12. "Mid-Mileage Crisis" – One day as the younger machines play by the docks, Carl and Lug reflect on their own carefree youth. Lug decides that he's not ready for old age just yet and joins Diggs, Carrie and Scooch for some top gear' fun Carl and Maxine look on aghast while Lug initiates an overly enthusiastic round of Follow My Leader. When things get out of hand - resulting in total chaos - he realises that while it was fun being the young and careless 'Lugster' the older and wiser 'Lug' plays a more vital role on the Construction Site,
13. "One Roll at the Time" – The machines are demolishing a beacon on the end of the jetty. Diggs discovers Bozer is scared of water, much to Bozer's embarrassment. In an effort to help him conquer his fear, Diggs reverses along the jetty, encouraging Bozer to follow him. But Carl accidentally catches the jetty with his hook and it starts to collapse. Bozer manages to overcome his fear in time to rescue Diggs. Afterwards, Bozer finds out all the other machines are all scared of something too and it's really nothing to be embarrassed about after all.

===Season 4 (2002)===
1. "Parp Idle!" – Due to a wall of ice that Carl can't even shift, the machines get stuck on a slippery mountain road.
2. "Safe & Sound" – Working in the snowy mountains, Diggs chooses to engage in some dangerous thrills rather than put safety first.
3. "Testing Behaviour" – It's time for the CCT (Construction Certificate Test) and Carrie's convinced she won't pass.

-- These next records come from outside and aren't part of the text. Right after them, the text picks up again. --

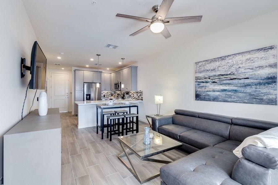 RESORT Condo. Highly Upgraded with a modern style. Resort Living, Security Building, Underground Safe Parking, perfect for the guest who wants to be inspired or who loves travel. Super easy access to 10, 202 and 101. 20 Minutes from Sky Harbor. Spacious one bedroom with King Bed and TV as well as a separate office space/sitting room. Master bath with double sinks and quartz counters, soaker tub, large walk-in closet. Open Floor Plan kitchen with quartz breakfast bar and overlooking a great living room. Separate 1/2 bath and full laundry room. Balcony with water views. Perfect morning sun and afternoon shade for sitting out. Resort Pool, Gym, Yoga and Movement Studio. Clubhouse featuring a kitchen, business center shuffleboard, pool and more. HEATED Resort Pool, spa, fire pits, outdoor kitchens, and cabanas. The Cays is a choice for the discriminating guest. This is brand new. Barely ever used. Walking paths along the water, restaurants just steps away, perfect for meeting friends and for making new friends. Feels like home.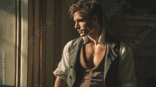 handsome regency-era man, tall and lean muscular build, cinematic lighting, high detail, romantic historical style, he wears a regency vest and coat
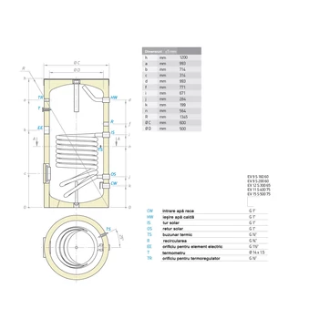 Boiler indirect cu 1 serpentina 200 litri montaj pe pardoseala izolat EV 9S 200 60 Tesy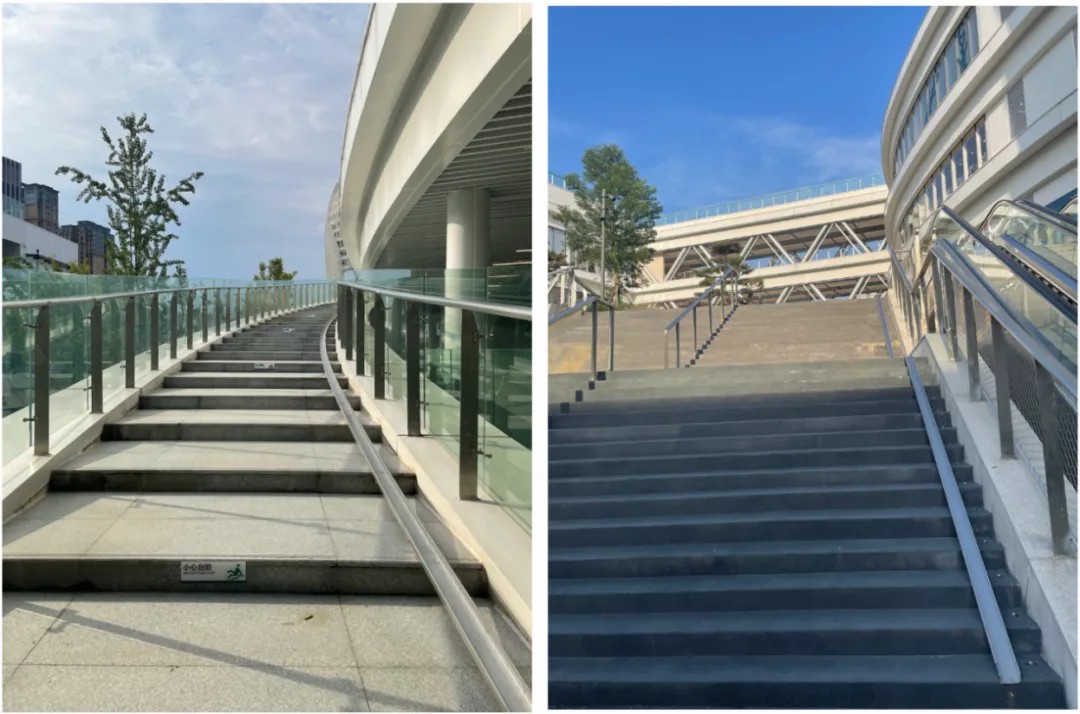 “騎行友好”是CyPARK的核心標(biāo)簽。在這座立體公園中,各樓層的垂直交通上,專門設(shè)置了自行車滑道和能容納自行車體量的直梯,騎行者可以騎行通過(guò)任意樓層,讓騎行游逛商業(yè)成為可能。每個(gè)樓層還設(shè)置了自行車停放處,騎行者可以自行掃碼加鎖,也可以在此處休憩。

4. "Fog!" – The young machines procrastinate on a job, and pay the price when a thick fog rolls in.
5. "Days of Blunder" – A site scattered with materials inspires Diggs to turn it into an obstacle course, and Scooch wonders if he's up to the challenge.

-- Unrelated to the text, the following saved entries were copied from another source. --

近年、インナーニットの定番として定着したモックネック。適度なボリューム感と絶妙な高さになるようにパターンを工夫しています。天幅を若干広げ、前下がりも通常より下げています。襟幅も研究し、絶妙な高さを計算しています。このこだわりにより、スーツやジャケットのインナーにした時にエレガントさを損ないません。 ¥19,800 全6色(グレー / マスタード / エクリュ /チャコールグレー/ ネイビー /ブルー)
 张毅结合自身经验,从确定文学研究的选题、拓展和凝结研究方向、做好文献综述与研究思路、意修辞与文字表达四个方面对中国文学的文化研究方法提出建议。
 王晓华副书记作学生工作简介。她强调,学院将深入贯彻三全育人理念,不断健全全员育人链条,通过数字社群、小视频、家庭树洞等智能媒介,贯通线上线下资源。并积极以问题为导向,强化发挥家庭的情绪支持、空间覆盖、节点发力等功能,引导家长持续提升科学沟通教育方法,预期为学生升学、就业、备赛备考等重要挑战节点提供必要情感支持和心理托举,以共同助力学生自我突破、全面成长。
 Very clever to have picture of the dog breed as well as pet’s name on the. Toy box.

6. "Star Truck" – When the young machines decide to tell stories, Scooch shows that sometimes the smallest truck has the biggest imagination.
7. "Whodunnit" – The machines are shocked to find that during the night the new multistory parking garage they were building has been destroyed.
8. "If Trucks Could Fly" – When a dare-devil dump truck comes to town, Scooch is thrilled to find out that Lug used to be one himself.
9. "Magno-Carrie" – Carrie doesn't understand how to work her flashy new recharger—so Diggs takes charge, despite the fact he has no idea what he's doing here.
10. "High-Pitched Bozer" – Bozer returns from a servicing only to find that his deep voice has changed and is now high and squeaky.
11. "Carl Wash" – Carl's inventions are legendary... for being a disaster. And when he unveils his new Carl Wash, the young machines are his test dummies.
12. "Don't Panic!" – Bozer goes off site and leaves Carl in charge—which always leads to total chaos. So Maxine steps in to help.
13. "The Call of the Forest" – Despite Bozer's warnings; Diggs plays a prank on Scooch, encouraging him to pursue the mysterious call of the forest.

==Setting==
The series was set around a large construction site, but later seasons saw the characters in new locations such as a scrapyard, a dock and a mountain. There were no human characters due to the use of Muppet-like vehicles.

==Production==
===The models===
The vehicle models are used by live-action animatronic puppet models. This is the first time The Jim Henson Company have used these, as these types of puppets were restricted to movies like Babe and Labyrinth.